# WHAT TO PRODUCE
The whole listing is to be written out again exactly; the pictures are not.

# GIVEN INFORMATION
· · ·

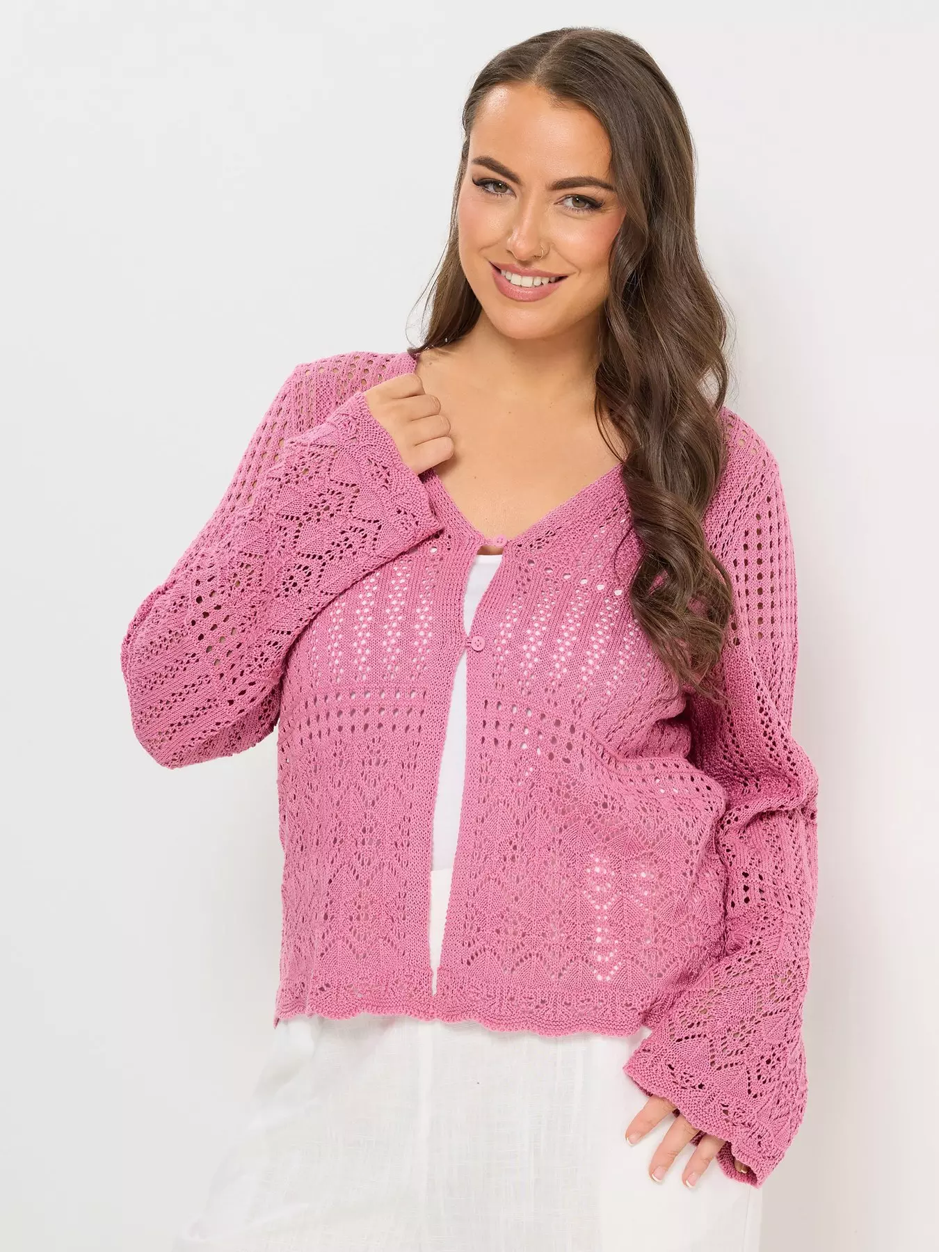 - Curve Pointelle Stitch Cardigan by Yours
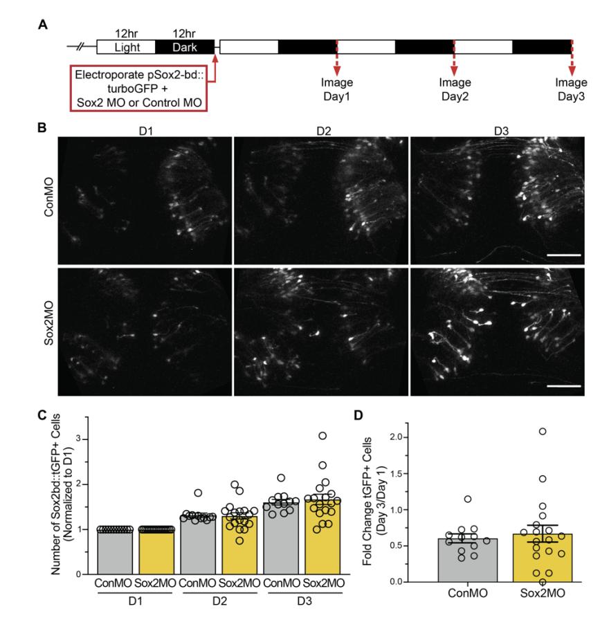 groups. D. Difference in fold-change of Sox2bd::tGFP positive cells over the 3 day experiment is not significant
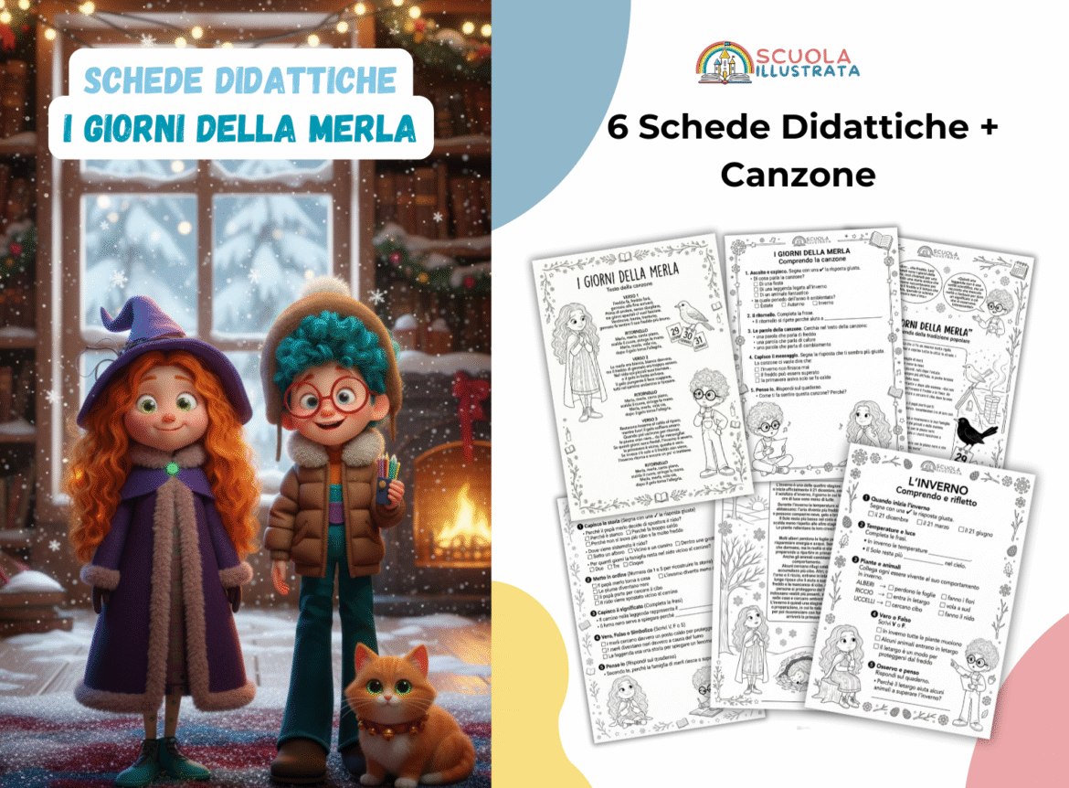 Un percorso illustrato di schede didattiche pensato per accompagnare i bambini della scuola primaria nella scoperta dei Giorni della Merla, una tradizione popolare italiana che permette di lavorare in modo integrato su leggenda, tempo atmosferico e stagione invernale.

· · ·

# ANSWER BELOW
 - Curve Pointelle Stitch Cardigan by Yours
 groups. D. Difference in fold-change of Sox2bd::tGFP positive cells over the 3 day experiment is not significant
 Un percorso illustrato di schede didattiche pensato per accompagnare i bambini della scuola primaria nella scoperta dei Giorni della Merla, una tradizione popolare italiana che permette di lavorare in modo integrato su leggenda, tempo atmosferico e stagione invernale.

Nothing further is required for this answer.